> Material provided
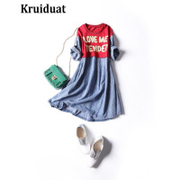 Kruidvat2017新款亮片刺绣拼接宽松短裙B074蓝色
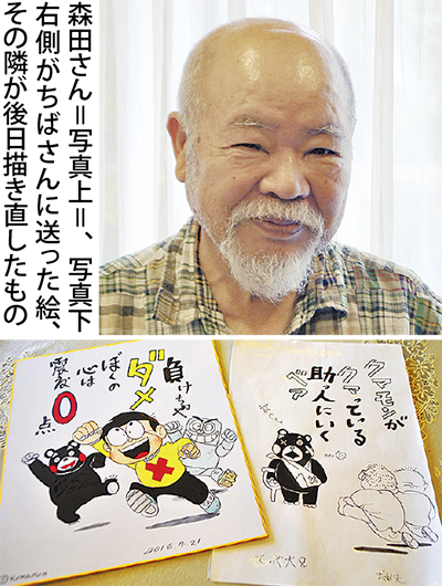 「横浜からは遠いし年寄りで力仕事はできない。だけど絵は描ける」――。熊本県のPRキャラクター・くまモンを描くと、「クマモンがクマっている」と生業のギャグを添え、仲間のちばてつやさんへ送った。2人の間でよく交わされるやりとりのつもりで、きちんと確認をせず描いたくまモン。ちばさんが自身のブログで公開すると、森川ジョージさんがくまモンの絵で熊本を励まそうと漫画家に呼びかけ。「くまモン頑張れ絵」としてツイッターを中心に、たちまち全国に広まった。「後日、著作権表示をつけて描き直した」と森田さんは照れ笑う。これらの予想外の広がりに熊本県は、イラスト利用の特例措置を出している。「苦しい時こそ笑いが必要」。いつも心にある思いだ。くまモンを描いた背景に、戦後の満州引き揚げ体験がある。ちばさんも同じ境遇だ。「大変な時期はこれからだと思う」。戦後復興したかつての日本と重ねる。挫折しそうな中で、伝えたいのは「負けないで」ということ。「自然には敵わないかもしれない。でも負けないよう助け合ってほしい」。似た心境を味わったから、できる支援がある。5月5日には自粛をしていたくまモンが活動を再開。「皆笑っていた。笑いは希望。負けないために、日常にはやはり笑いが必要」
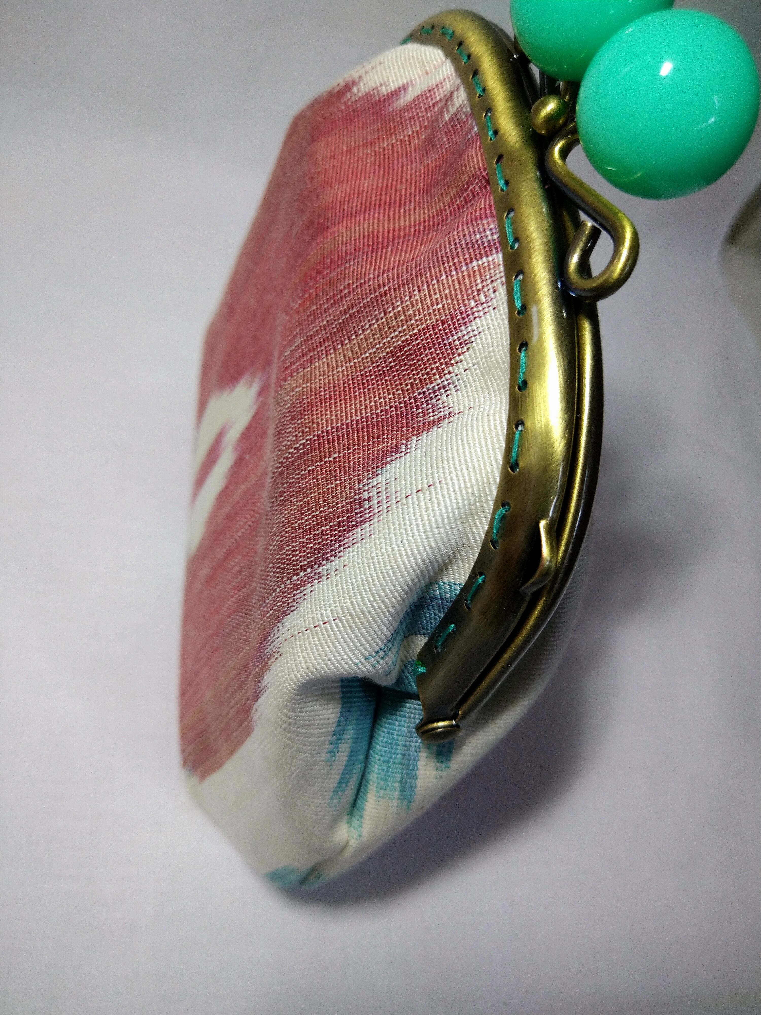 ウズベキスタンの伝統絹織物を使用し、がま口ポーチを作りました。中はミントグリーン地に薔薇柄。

> What needs to be done
Leave out the pictures and retype every line above exactly.

> Answer
 Kruidvat2017新款亮片刺绣拼接宽松短裙B074蓝色
 「横浜からは遠いし年寄りで力仕事はできない。だけど絵は描ける」――。熊本県のPRキャラクター・くまモンを描くと、「クマモンがクマっている」と生業のギャグを添え、仲間のちばてつやさんへ送った。2人の間でよく交わされるやりとりのつもりで、きちんと確認をせず描いたくまモン。ちばさんが自身のブログで公開すると、森川ジョージさんがくまモンの絵で熊本を励まそうと漫画家に呼びかけ。「くまモン頑張れ絵」としてツイッターを中心に、たちまち全国に広まった。「後日、著作権表示をつけて描き直した」と森田さんは照れ笑う。これらの予想外の広がりに熊本県は、イラスト利用の特例措置を出している。「苦しい時こそ笑いが必要」。いつも心にある思いだ。くまモンを描いた背景に、戦後の満州引き揚げ体験がある。ちばさんも同じ境遇だ。「大変な時期はこれからだと思う」。戦後復興したかつての日本と重ねる。挫折しそうな中で、伝えたいのは「負けないで」ということ。「自然には敵わないかもしれない。でも負けないよう助け合ってほしい」。似た心境を味わったから、できる支援がある。5月5日には自粛をしていたくまモンが活動を再開。「皆笑っていた。笑いは希望。負けないために、日常にはやはり笑いが必要」
 ウズベキスタンの伝統絹織物を使用し、がま口ポーチを作りました。中はミントグリーン地に薔薇柄。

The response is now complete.